# Sum of Sequence of Cubes/Visual Demonstration

## Theorem

$\ds \sum_{i \mathop = 1}^n i^3 = \paren {\sum_{i \mathop = 1}^n i}^2 = \frac {n^2 \paren {n + 1}^2} 4$

## Proof

A visual illustration of the proof for $n = 5$:

The number of squares of side $n$ is seen to be $4 n$.

To go from $n$ to $n + 1$, a ring of $4 \paren {n + 1}$ squares of side $n + 1$ is to be added:

$4$ for the one at each corner
$4 n$ for the ones that abut the sides of the $n + 1$ squares of side $n$.

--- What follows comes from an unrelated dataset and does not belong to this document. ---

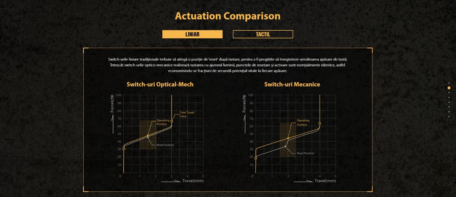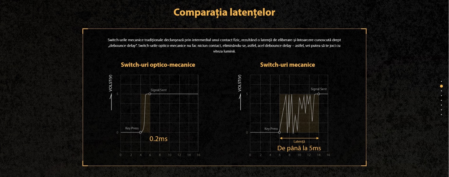 - Proiectată pe baza unor inovatoare switch-uri optico-mecanice, pentru o declanșare precisă care este de 25 de ori mai rapidă decât a unei tastaturi mecanice standard, vine cu switch-uri atât tactile, cât și liniare.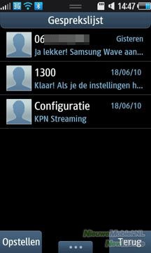 Zoals gezegd kunnen WiFi en Bluetooth snel ingeschakeld worden via de statusbalk. Met een eerder gebruikt WiFi-netwerk wordt snel weer opnieuw verbinding gemaakt. Als WiFi is ingeschakeld maar de verbinding niet goed is wordt er niet automatisch gebruik van gemaakt mobiel internet in plaats daarvan komt een foutmelding in beeld bij het laden van een site. Het bereik van de Wave voor 3G internet is ook wat aan de magere kant.

The length of one side is given by:

$S = 2 \paren {1 + 2 + \cdots + n}$

The length of one side is also given by:

$S = n \paren {n + 1}$

The area is therefore given in two ways as:

$A = 4 \paren {1 + 2 + \cdots + n}^2 = \paren {n \paren {n + 1} }^2$

and also as:

 $\ds A$ $=$ $\ds 4 \times 1^2 + 4 \times 2 \times 2^2 + 4 \times 3 \times 3^2 + \cdots + 4 \times n \times n^2$ $\ds$ $=$ $\ds 4 \paren {1^3 + 2^2 + 3^3 + \cdots + n^3}$

The result follows by equating the expressions for area.

$\blacksquare$

## Historical Note

This visual demonstration of the Sum of Sequence of Cubes was reported by Solomon W. Golomb as having been devised by Warren Lushbaugh.